On ne le répétera jamais assez : il n’y a que l’éducation qui peut aider une personne à sortir de la pauvreté. « Il n’y a pas à sortir de là », souligne Rozy Khedoo, responsable de l’École de la vie à Baie-du-Tombeau, où elle accueille une trentaine d’adolescents venus des milieux pauvres. Environ 150 jeunes sont sortis de cet établissement depuis sa création en 2002 après avoir appris un métier.
« Ces enfants quittent notre école après avoir appris à lire, écrire et compter ainsi qu’à remplir et signer des fiches.
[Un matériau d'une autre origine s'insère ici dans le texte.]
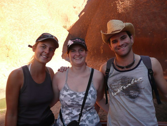 Da der Wind zu stark war, konnten wir nicht auf den Uluru, so machten wir eine 10 km lange Wanderung um ihn. Am Nachmittag besichtigten wir die Olgas (Kata Tjuta) und liessen uns im Tal des Windes von der Sonne braeunen.

La majorité d’entre eux ont obtenu un emploi », déclare Rozy Khedoo qui rappelle la raison d’être de l’École de la vie. C’est le Mouvement civique de Baie-du-Tombeau qui a lancé cet établissement après avoir constaté, suivant une étude, que le problème était grave sur le terrain.
« Les jeunes issus de familles avec des parents alcooliques ou toxicomanes, ou recomposées étaient livrés à eux-mêmes dans la rue. Il fallait faire quelque chose », soutient la responsable. « Nous avons dû accueillir ces enfants qui ont tous échoué au Certificate of Primary Education (CPE) pour leur offrir une éducation inclusive. Tout leur est offert gratuitement, dont un repas chaud à midi. » Les élèves intègrent l’École de la vie à 12 ans et en sortent quatre ans plus tard.
L’École de la vie a toutefois besoin de soutien pour mener à bien sa mission, et au fil de son évolution, des organisations non gouvernementales (ONG) s’intéressent à son travail. Il y a ainsi ANFEN qui forme les animatrices de l’établissement. Il leur manque cependant toujours des fonds pour soutenir les familles d’où viennent les élèves car, selon Rozy Khedoo, prendre un enfant pauvre sans aider ses proches ne donnera pas le résultat escompté.
La responsable de l’École de la vie insiste : « On entre chez une famille, elle n’a rien, même pas un lit et des couvertures pour les enfants. Nous aidons les parents à trouver un emploi. Notre démarche prend alors une autre forme. Il devient plus facile d’éduquer les jeunes. » Rozy Khedoo précise que son école ne fait pas de l’assistanat, mais s’attaque au problème de la famille ensemble avec ses membres. « Nous ne faisons pas de la magie pour les sortir de la pauvreté », lâche-t-elle. Des fois, les parents sont en prison et lorsqu’ils sortent, le travail de cette ONG s’agrandit. « Nous les laissons s’envoler dès que nous sentons qu’ils peuvent s’en sortir seuls, mais nous sommes toujours là pour les aider dans n’importe quel problème », fait-elle ressortir.
Au vu de son expérience sur le terrain, Rozy Khedoo estime que le pays ne parvient pas à cerner le problème de la pauvreté. « Ma vision est immense mais des fois je sens qu’elle est à la dérive car nous avons très peu de moyens pour aider ces gens », dit-elle. La responsable estime aussi qu’il y a trop de bureaucratie à Maurice. « On ne peut aider les gens à sortir de la pauvreté si l’on travaille de 9 h à 16 h. Le travail se fait plus tard, en début de soirée, lorsque ces gens sont chez eux », fait-elle remarquer.
Selon la responsable de l’École de la vie, de nombreuses familles pauvres sont très réticentes lorsqu’on frappe chez elles pour les aider. « Zot kwar nou pe vin vey zot zafer. Alors, il nous faut changer d’approche. » Elle avoue que ce n’est pas chose facile « mais il faut quand même le faire ». Rozy Khedoo est, elle, déterminée à alléger la souffrance de ces gens.